On June 12, 2025, the U.S. Supreme Court unanimously eliminated the heightened protection public schools had against liability for compensatory damages in cases involving Section 504 of the Rehabilitation Act (Section 504) or Title II of the Americans with Disabilities Act (ADA). AJT v Osseo Area Schools, Docket No. 24-249 (2025). It will now be easier for a person to prevail against a public school in a disability discrimination lawsuit if the allegation involves provision of educational services, including the provision of a free appropriate public education (FAPE).

In 1982, the Eighth Circuit created the heightened protection for public schools when it held that a person seeking compensatory damages for disability discrimination relating to the provision of educational services had to prove not only that school officials violated the law, but also that those officials acted with “bad faith or gross misjudgment.” See Monahan v Nebraska, 687 F2d 1164 (CA 8, 1982). The Sixth Circuit, whose decisions are binding in Michigan, adopted the same standard.

The “bad faith” standard made it more difficult for a person to prevail in disability claims against public schools than in lawsuits against other public entities. For example, a person alleging that school officials excluded their child from participating in field trips because of a disability had to be able to prove not only that the exclusion happened because of disability, but also that school officials acted in bad faith. In contrast, a person alleging that a public library had improperly excluded them from an event because of their service animal only had to prove the improper exclusion, not that there was personal animus against the individual with a disability. For many years, this higher standard made it more difficult for a plaintiff to obtain monetary damages from public schools when the case centered on the provision of a FAPE.

The student at issue in AJT v Osseo Area Schools has a form of epilepsy that significantly limits her physical and cognitive functioning. As a result of her disability, the student cannot attend school in the morning, when her seizures are much more frequent. The Minnesota school district she attended shortened her school day and did not provide educational services beyond the end of the school day. The student prevailed in an IDEA due process case against the district and was awarded significant compensatory education.

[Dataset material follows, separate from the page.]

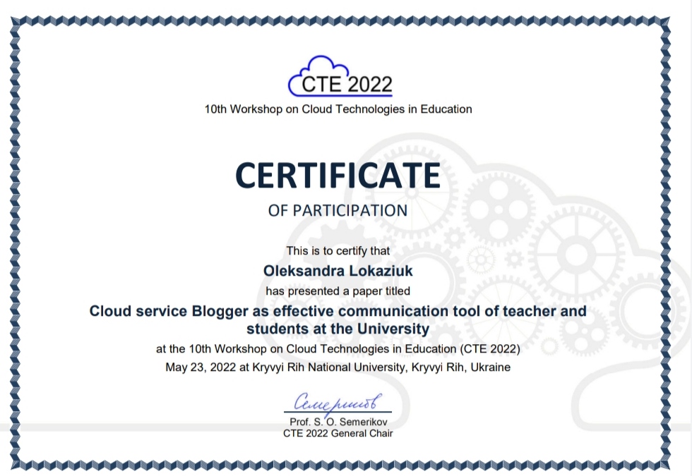 8124 10th Workshop on Cloud Technologies in Education (СТE 2022) Cloud service Blogger as effective communication tool of teacher and students at the University Криворізький державний педагогічний університет. document

Her family then filed an ADA Title II and Section 504 lawsuit claiming disability discrimination and seeking compensatory money damages. A federal district court dismissed the claim because the student could not meet the high bar of proving “bad faith or gross misjudgment” on the part of school officials. A panel of Eighth Circuit judges upheld the dismissal but questioned the rationale for the higher standard that had been created over 40 years earlier. When appealed to the Supreme Court, the justices unanimously rejected the heightened protection for public schools.

The Supreme Court held that there was no legal basis for subjecting disability discrimination lawsuits concerning the provision of educational services to a different standard of proof than other disability discrimination claims. The Court recognized that when the Eighth Circuit and other courts adopted the bad faith or gross misjudgment standard, they were trying to “harmonize” the IDEA’s guarantee of a FAPE with Section 504’s anti-discrimination mandate. However, Congress had since amended the statute to clarify that the IDEA (and its predecessor) was not intended to limit a person’s ability to seek relief under Section 504, and later the ADA. See 20 USC § 1415(l).

The key takeaway from the Court’s decision is that if a parent or student sues a public school for disability discrimination related to the provision of a FAPE or meaningful access to the educational program, school officials cannot rely on a “bad faith or gross misjudgment” standard to shield the school from liability. If school attorneys recommend settlement rather than defending a case, the change brought by AJT v Osseo may be the reason why.